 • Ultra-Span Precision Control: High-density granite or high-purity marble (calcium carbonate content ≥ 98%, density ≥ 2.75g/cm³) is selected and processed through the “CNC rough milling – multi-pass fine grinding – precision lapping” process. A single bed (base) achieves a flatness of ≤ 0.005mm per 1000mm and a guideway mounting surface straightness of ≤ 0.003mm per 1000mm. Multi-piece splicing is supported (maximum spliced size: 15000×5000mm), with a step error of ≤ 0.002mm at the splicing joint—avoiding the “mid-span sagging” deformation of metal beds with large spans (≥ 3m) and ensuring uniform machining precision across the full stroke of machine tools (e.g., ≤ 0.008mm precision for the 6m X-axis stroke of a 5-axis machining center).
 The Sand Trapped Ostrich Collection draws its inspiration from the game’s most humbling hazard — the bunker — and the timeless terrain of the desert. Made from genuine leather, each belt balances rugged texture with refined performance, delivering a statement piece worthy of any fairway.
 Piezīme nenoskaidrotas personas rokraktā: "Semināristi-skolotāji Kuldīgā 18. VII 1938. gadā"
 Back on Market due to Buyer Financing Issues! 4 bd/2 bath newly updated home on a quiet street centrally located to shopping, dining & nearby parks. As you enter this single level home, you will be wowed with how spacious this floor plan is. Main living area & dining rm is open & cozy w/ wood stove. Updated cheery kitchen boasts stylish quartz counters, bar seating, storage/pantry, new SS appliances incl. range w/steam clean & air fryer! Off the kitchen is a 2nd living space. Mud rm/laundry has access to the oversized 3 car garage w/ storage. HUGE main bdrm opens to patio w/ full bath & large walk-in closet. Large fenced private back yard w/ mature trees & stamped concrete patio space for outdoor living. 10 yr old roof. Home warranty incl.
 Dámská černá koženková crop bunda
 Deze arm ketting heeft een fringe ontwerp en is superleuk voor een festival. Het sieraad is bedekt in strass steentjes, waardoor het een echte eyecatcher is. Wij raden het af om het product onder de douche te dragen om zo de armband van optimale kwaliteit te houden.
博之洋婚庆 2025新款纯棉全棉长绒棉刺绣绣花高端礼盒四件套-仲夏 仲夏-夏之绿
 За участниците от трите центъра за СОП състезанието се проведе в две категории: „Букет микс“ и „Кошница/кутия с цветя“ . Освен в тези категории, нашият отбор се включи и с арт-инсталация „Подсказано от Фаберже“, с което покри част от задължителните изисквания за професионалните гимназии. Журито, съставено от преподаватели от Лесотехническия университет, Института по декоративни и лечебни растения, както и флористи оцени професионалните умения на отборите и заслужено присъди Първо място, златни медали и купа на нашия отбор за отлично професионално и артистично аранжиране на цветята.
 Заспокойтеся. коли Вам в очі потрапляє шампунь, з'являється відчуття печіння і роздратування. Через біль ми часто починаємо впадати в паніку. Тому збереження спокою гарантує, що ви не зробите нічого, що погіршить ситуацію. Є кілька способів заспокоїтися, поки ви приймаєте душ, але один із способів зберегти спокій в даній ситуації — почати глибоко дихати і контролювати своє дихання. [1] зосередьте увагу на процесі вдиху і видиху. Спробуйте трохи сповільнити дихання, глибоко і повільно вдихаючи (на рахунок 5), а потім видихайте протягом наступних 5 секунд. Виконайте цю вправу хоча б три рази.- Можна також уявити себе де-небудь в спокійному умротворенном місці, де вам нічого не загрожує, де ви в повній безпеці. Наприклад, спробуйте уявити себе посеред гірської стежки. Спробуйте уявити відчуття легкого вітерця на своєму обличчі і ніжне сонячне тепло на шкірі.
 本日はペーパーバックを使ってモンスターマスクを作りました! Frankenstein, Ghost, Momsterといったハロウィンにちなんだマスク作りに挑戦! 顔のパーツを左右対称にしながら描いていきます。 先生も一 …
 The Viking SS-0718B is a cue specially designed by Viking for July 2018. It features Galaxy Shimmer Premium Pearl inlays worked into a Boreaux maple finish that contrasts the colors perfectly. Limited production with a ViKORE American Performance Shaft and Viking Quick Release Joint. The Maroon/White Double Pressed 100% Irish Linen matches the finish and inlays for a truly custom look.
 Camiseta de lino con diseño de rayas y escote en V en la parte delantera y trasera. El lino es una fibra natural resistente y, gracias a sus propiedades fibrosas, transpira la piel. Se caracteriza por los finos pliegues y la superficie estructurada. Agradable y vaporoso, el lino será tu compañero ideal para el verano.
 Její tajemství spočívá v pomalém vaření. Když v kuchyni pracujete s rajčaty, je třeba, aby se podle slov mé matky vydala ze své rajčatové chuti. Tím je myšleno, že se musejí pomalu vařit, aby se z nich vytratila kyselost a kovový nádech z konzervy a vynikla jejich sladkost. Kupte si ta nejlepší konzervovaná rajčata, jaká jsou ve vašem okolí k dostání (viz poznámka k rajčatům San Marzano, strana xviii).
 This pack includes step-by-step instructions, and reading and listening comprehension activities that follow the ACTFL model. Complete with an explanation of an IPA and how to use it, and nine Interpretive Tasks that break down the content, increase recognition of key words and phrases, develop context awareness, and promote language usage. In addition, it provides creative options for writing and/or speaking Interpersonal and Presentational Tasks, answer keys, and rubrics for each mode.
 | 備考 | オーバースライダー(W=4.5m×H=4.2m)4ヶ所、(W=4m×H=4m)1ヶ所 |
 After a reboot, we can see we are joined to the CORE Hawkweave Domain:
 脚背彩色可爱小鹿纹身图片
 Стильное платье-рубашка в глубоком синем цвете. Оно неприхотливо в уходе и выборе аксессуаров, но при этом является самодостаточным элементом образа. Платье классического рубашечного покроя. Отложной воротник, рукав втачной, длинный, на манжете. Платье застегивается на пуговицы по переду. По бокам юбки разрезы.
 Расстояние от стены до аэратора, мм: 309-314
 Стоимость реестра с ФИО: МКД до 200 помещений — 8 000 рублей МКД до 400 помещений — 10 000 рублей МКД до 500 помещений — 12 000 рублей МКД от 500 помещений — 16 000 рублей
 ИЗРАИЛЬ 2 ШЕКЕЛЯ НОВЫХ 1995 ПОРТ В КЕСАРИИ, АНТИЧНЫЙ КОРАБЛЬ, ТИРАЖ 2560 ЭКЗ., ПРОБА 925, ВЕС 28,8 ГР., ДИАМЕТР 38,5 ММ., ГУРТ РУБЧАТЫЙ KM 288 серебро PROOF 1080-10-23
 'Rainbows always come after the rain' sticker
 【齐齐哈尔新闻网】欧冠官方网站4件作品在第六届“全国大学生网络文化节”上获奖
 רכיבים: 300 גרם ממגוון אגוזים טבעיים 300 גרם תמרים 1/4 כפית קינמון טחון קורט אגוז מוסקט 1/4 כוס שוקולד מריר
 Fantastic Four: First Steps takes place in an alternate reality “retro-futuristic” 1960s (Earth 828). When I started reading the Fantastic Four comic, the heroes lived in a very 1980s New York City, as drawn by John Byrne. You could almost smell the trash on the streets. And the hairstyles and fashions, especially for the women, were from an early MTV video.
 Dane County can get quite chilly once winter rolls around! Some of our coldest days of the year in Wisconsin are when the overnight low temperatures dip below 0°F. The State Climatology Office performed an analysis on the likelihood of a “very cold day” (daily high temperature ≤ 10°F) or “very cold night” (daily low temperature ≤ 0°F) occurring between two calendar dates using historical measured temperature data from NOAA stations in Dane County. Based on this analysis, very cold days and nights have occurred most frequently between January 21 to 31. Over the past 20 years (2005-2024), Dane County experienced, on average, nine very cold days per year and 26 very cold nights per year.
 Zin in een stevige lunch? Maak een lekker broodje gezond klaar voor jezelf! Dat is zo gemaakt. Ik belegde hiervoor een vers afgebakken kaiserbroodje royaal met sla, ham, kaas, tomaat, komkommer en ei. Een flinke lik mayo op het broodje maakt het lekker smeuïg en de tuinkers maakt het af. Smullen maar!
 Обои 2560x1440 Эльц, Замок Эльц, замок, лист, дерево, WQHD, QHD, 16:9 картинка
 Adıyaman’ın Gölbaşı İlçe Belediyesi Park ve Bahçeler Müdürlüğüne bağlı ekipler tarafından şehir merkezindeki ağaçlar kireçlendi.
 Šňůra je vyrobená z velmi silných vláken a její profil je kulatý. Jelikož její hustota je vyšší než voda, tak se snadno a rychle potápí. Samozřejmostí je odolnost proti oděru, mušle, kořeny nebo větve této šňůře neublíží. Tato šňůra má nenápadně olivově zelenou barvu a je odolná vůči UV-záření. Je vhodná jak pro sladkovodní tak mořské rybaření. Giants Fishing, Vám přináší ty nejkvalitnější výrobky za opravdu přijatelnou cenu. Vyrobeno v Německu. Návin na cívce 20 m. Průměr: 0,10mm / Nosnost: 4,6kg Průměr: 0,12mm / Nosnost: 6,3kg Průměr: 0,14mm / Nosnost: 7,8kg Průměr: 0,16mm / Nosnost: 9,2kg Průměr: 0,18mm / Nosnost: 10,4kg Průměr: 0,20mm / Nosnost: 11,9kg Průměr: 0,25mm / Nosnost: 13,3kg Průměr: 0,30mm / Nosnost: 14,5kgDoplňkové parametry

****************

» What this task involves: Look above for the line containing "Обои 2560x1440 Эльц, Замок". Output from there through the line containing "Adıyaman’ın Gölbaşı İlçe", exactly and inclusively.

» Your response:
 Обои 2560x1440 Эльц, Замок Эльц, замок, лист, дерево, WQHD, QHD, 16:9 картинка
 Adıyaman’ın Gölbaşı İlçe Belediyesi Park ve Bahçeler Müdürlüğüne bağlı ekipler tarafından şehir merkezindeki ağaçlar kireçlendi.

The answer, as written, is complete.